Speech & swallow SALT for dysarthria and dysphagia β€” aspiration risk with cerebellar/brainstem disease. Communication aids.
Alcohol Cessation halts (and may partially reverse) alcohol-related cerebellar degeneration. Thiamine supplementation. Brief intervention + support services.
Driving (DVLA) Ataxia affecting safe control β†’ must not drive, notify DVLA. Document advice. Reassessment depends on cause & recovery.
Nutrition Address deficiencies (B12, thiamine, vitamin E). Dietitian if swallow impaired or weight loss. Coeliac diet if gluten ataxia.
Psychological & social Progressive/hereditary ataxia carries significant psychological impact β€” signpost Ataxia UK, peer support, carer support, benefits advice.
Medication review Avoid/limit sedatives, alcohol, and drugs that worsen coordination. Review antiepileptic doses. Caution combining CNS depressants.

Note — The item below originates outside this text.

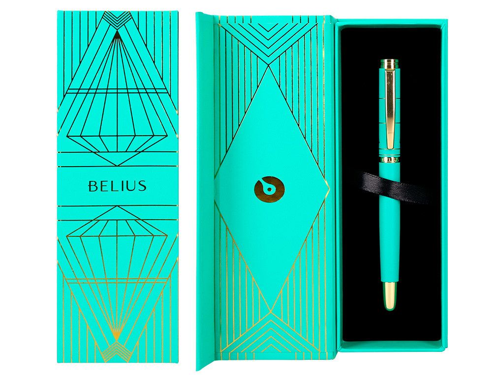 Boligrafo belius soiree aluminio color art deco turquesa y dorado tinta azul caja de diseño
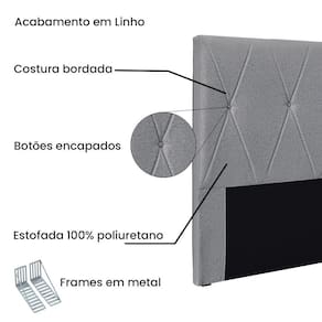 Dormir bem e manter-se seguro na hora de relaxar são fatores importantes que influenciam na qualidade do sono. Unir esses pontos com uma decoração incrível seria perfeito, não é mesmo? Que tal começar essa mudança pela cabeceira da sua cama!? A Cabeceira Aquilla sem dúvida vai roubar a cena de tão linda e aconchegante! A estrutura é feita em madeira de eucalipto, uma opção que ressalta a durabilidade e beleza da peça. A cabeceira é preenchida com espuma D23, garantindo um conforto ideal para noites mais tranquilas. Este modelo é indicado para Cama Box Queen de 160 cm, contém costura em losangos com botões encapados que conferem uma textura maleável e um visual refinado. O revestimento foi feito no Linho, um tecido de alta qualidade perfeito para criar uma atmosfera mais aconchegante ao local. As sapata são de plástico além de serem muito resistentes garantem maior flexibilidade e sustentação à peça. E não menos importante acompanha frame em metal que é o suporte ideal para fixar a cabeceira na cama box. O design desta peça apresenta um elemento estético sofisticado, que transformará instantaneamente o ambiente e impedirá que a passagem de temperaturas (frio/quente) que se concentram na parede, passem diretamente para o usuário. A Cabeceira Aquilla é a opção mais adequada para o seu dormitório, afinal de contas você merece o que há de melhor para completar a decoração da sua casa. Adquira a Cabeceira Aquilla antes que acabe o estoque!

For chronic and progressive ataxias there is rarely a cure, so the goals shift to maximising function, preventing complications and supporting quality of life. Falls and aspiration are the principal causes of harm β€” proactive OT, physiotherapy and SALT input prevent injury and hospital admission. Ataxia UK provides specialist information and peer support that patients and carers value highly. Continued alcohol use in alcohol-related cerebellar degeneration drives ongoing, eventually irreversible, loss β€” cessation is the single most effective intervention.

9
Safety

Follow-Up, Monitoring & Safety-Netting

After reversible-cause treatment
Reassess clinically after correcting B12/thyroid/drug levels β€” partial or full recovery expected. Persisting/progressive ataxia despite correction β†’ neurology
Drug-level monitoring
Recheck antiepileptic/lithium levels after dose change and confirm resolution of ataxia. Lithium: ongoing level + renal/thyroid monitoring
Chronic ataxia review
Periodic review of mobility, falls, swallow, mood and carer strain. Reassess aids and therapy input. Coordinate with specialist/MDT
Safety-net 999
Sudden worsening, new headache/vomiting/drowsiness (cerebellar swelling/hydrocephalus), new focal deficit, confusion + ophthalmoplegia (Wernicke's), choking/aspiration
Safety-net same-day
Rapidly progressive unsteadiness, new neurological symptoms, signs of drug toxicity, fever with neurological change
Aspiration / swallow
Any coughing/choking with food, recurrent chest infections β†’ SALT swallow assessment; risk of aspiration pneumonia
DVLA review
Driving status reassessed according to cause and recovery; patient notifies DVLA directly; GP supports with information on request

After an acute cerebellar stroke the danger period extends over the first few days as oedema peaks β€” a patient who becomes drowsy or develops worsening headache and vomiting may be developing hydrocephalus or brainstem compression and needs emergency reassessment. For chronic ataxias, the recurring safety issues are falls and aspiration: a low threshold for SALT swallow assessment prevents aspiration pneumonia, the commonest cause of death in advanced cerebellar disease. Clear safety-netting and documented driving advice protect the patient and are medico-legally important.

Educational use only. Based on: NICE CKS, NICE NG127/NG128 (stroke & TLoC), NICE CG175-related neurology guidance, Ataxia UK management guidelines, and MHRA/BNF guidance on antiepileptic and lithium toxicity. Acute-onset ataxia is a stroke/neurological emergency β€” refer immediately. Always adapt to individual patient context.